## [Instructions to follow]
The entries below contain a stretch that opens with the line containing "banco giratório com" and closes with the line containing "d. Move - To"; set down that stretch exactly, both ends included, and nothing else.

## [The data]
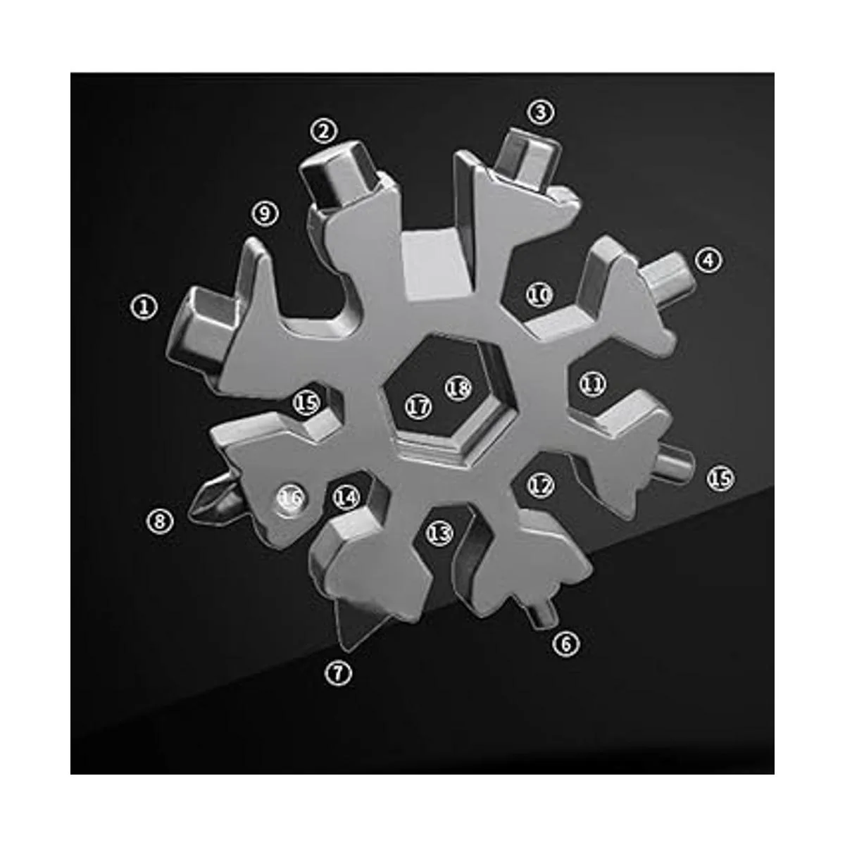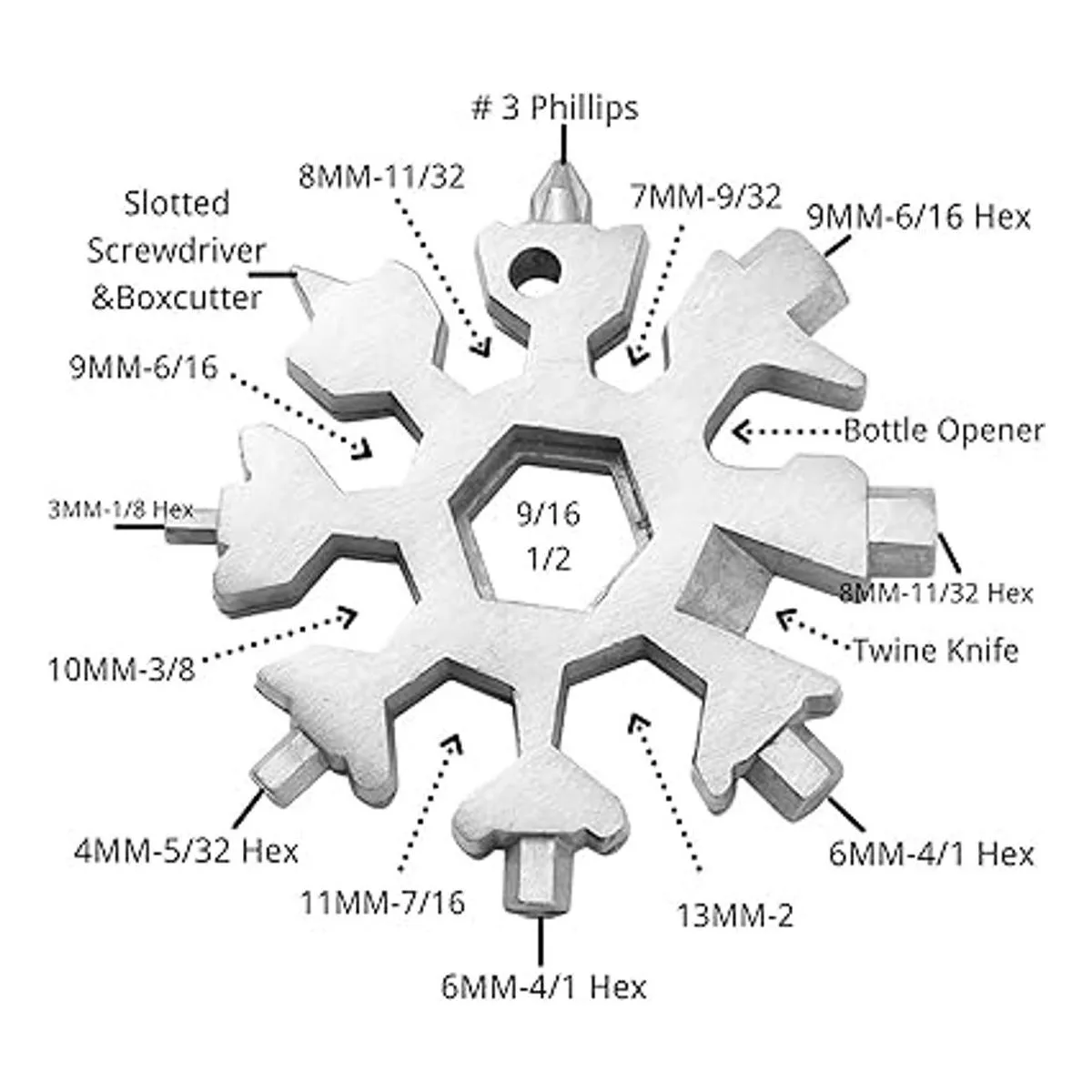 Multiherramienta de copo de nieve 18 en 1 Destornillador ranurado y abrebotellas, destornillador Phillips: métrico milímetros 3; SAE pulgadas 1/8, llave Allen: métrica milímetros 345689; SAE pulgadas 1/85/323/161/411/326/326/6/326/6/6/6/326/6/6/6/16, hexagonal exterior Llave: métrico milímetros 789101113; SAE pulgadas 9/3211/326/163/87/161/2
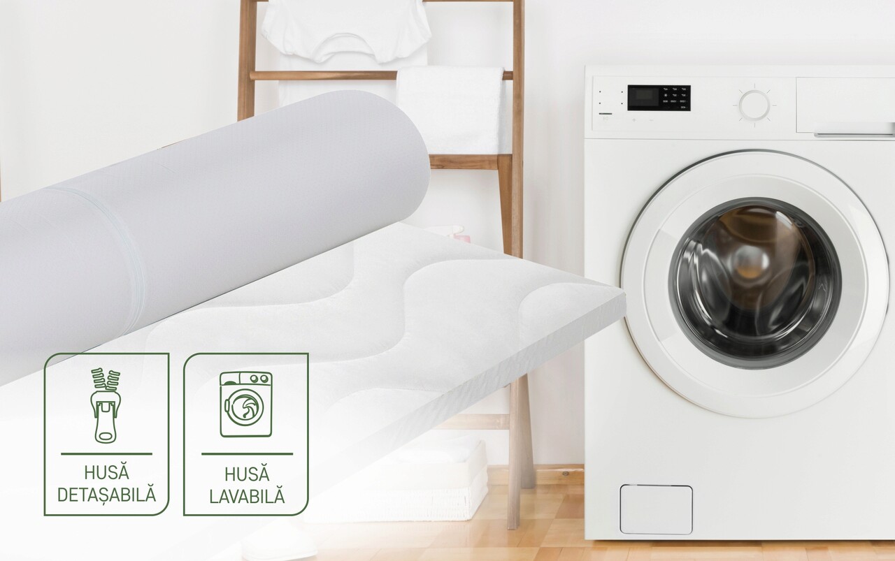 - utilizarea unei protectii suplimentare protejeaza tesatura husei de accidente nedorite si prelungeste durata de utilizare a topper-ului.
* * *
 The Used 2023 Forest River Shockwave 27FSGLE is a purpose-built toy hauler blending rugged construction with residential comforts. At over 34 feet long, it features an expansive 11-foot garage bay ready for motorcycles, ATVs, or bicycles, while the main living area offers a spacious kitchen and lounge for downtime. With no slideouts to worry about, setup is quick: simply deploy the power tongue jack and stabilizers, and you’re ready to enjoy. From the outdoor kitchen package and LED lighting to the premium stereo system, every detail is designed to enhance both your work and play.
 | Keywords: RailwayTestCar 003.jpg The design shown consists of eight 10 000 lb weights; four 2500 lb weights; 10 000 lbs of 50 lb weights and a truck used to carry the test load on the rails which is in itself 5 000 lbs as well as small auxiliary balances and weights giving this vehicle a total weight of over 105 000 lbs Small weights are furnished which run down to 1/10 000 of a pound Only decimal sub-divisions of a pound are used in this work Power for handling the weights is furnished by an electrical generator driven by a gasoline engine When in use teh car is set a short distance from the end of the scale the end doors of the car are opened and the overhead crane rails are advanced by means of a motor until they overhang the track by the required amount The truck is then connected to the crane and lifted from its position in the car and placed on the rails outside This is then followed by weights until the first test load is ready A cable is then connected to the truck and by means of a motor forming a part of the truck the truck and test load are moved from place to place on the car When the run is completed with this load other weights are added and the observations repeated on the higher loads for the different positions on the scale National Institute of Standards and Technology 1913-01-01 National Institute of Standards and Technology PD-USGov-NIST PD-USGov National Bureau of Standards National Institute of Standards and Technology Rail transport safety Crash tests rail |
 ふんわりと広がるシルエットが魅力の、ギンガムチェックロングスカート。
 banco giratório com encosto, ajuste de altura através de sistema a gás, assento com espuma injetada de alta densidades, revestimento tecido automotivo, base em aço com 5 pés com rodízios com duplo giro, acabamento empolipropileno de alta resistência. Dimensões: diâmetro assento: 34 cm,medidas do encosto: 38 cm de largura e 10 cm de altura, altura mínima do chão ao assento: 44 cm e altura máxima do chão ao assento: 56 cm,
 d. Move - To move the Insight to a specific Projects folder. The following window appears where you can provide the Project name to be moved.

## [Result]
 banco giratório com encosto, ajuste de altura através de sistema a gás, assento com espuma injetada de alta densidades, revestimento tecido automotivo, base em aço com 5 pés com rodízios com duplo giro, acabamento empolipropileno de alta resistência. Dimensões: diâmetro assento: 34 cm,medidas do encosto: 38 cm de largura e 10 cm de altura, altura mínima do chão ao assento: 44 cm e altura máxima do chão ao assento: 56 cm,
 d. Move - To move the Insight to a specific Projects folder. The following window appears where you can provide the Project name to be moved.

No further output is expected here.